+++ Data shown

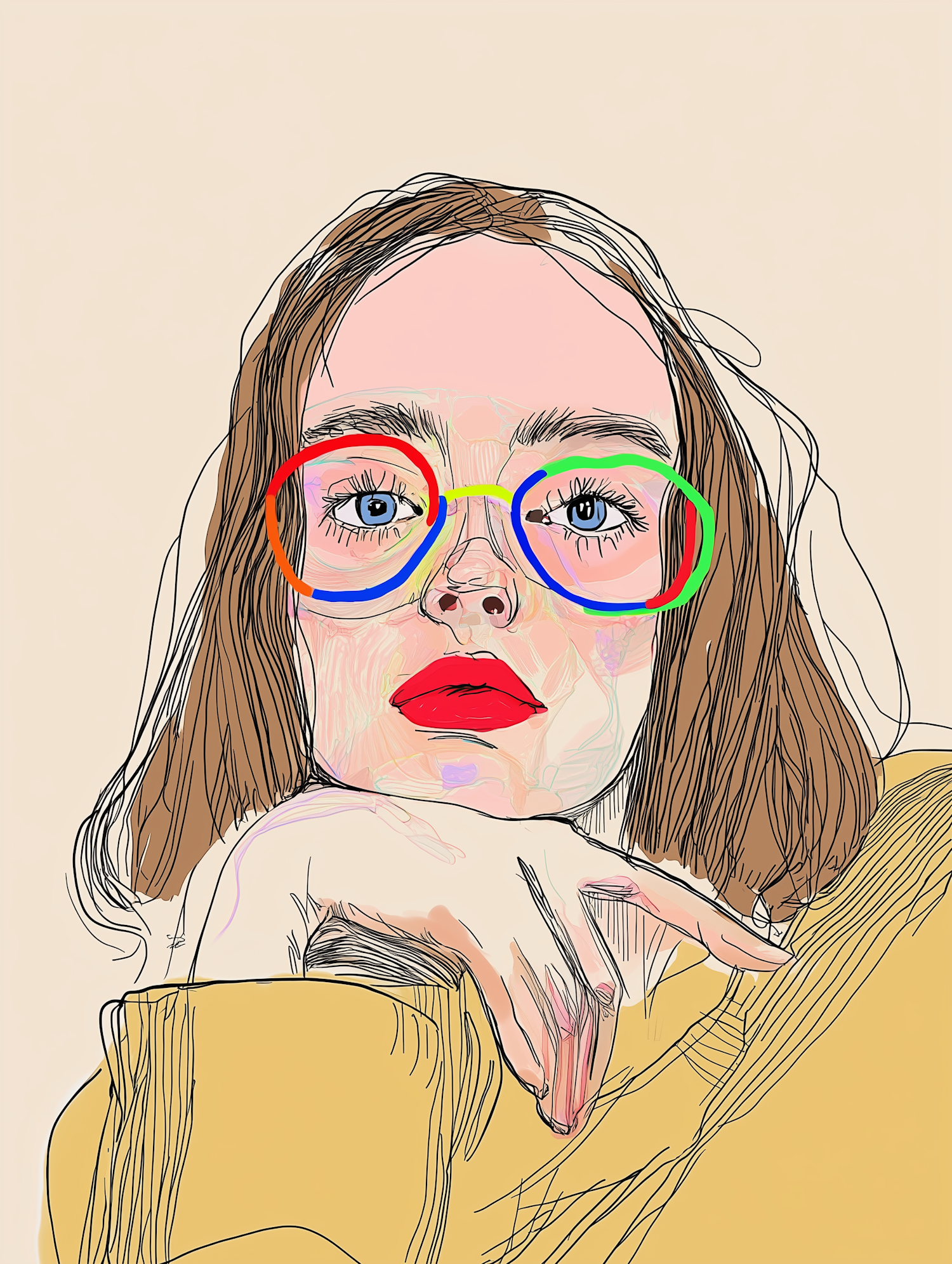 Stylized illustration of a woman with colorful glasses, red lips, and a yellow outfit against a beige background.
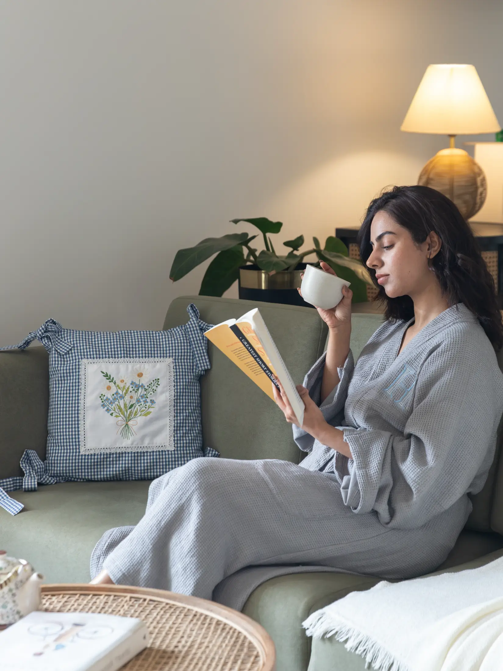 Finished in a soothing cloud gray tone, the robe can be custom monogrammed, making it a meaningful personal piece or a thoughtful gift. Custom made in Kannur, Kerala, it reflects a slow-living philosophy rooted in quality, longevity, and mindful craftsmanship.
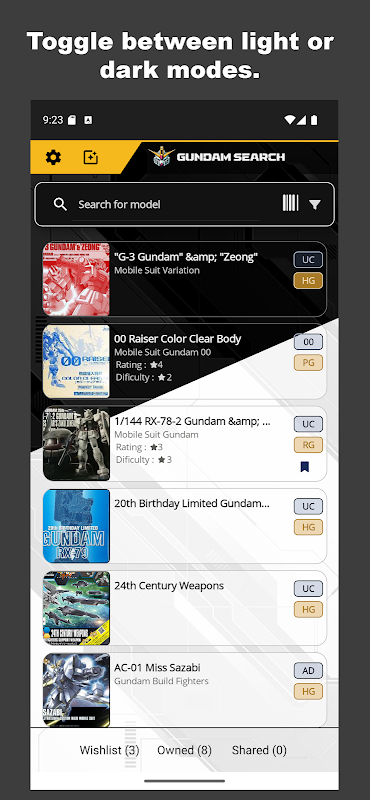 راهنمای مجموعه Gunpla و برنامه Wishlist برای مدلها و GCG.
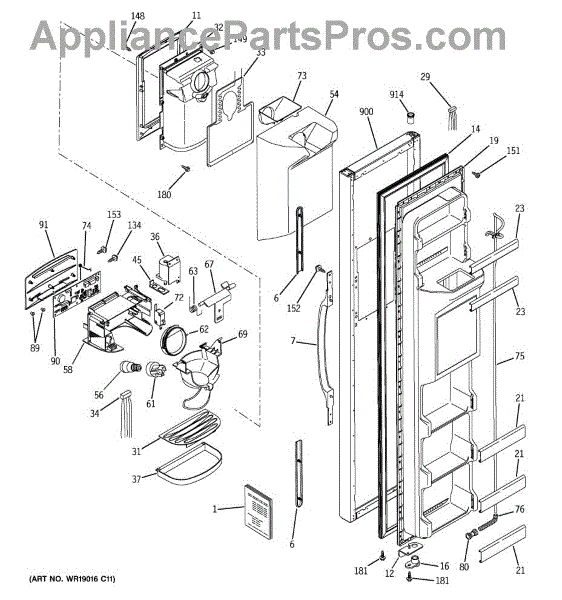 The Door Handle is an OEM part for GE refrigerators. This part provides a secure and comfortable grip for opening and closing the refrigerator door.
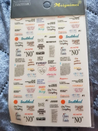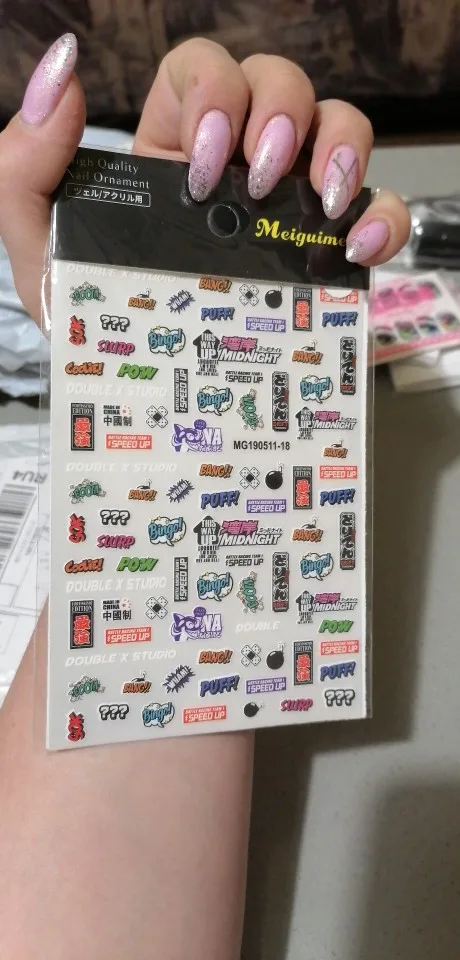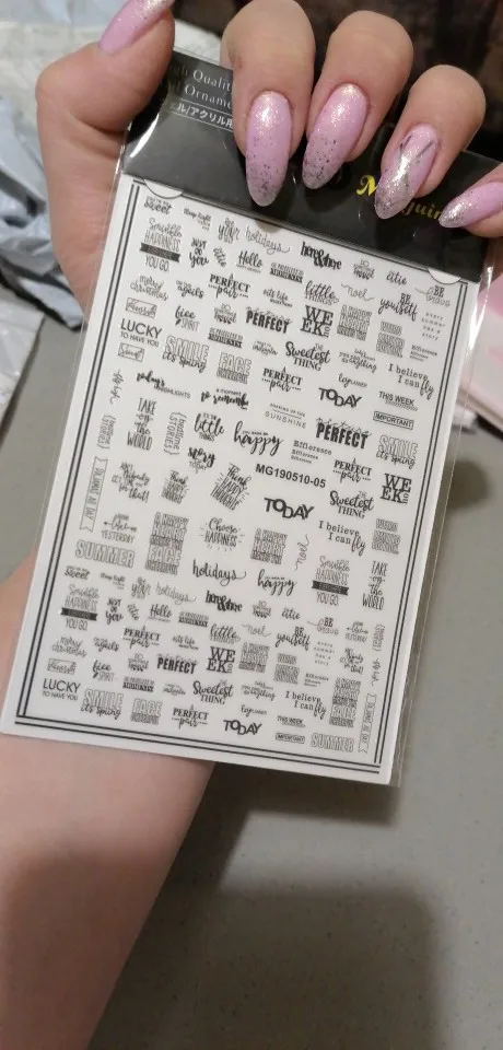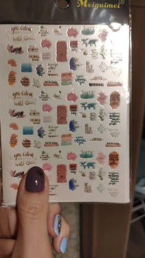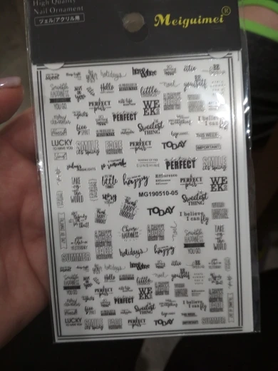 Супер. Очень понравилось качество. Наклеечки не большие по размеру, на ноготь клеются шикарно. Буду заказывать еще

++++++

**Exercise prompt:**
The copy should hold exactly the lines from the line containing "راهنمای مجموعه Gunpla" through the end of the data, both ends included, and no pictures.

**Result for this task:**
 راهنمای مجموعه Gunpla و برنامه Wishlist برای مدلها و GCG.
 The Door Handle is an OEM part for GE refrigerators. This part provides a secure and comfortable grip for opening and closing the refrigerator door.
 Супер. Очень понравилось качество. Наклеечки не большие по размеру, на ноготь клеются шикарно. Буду заказывать еще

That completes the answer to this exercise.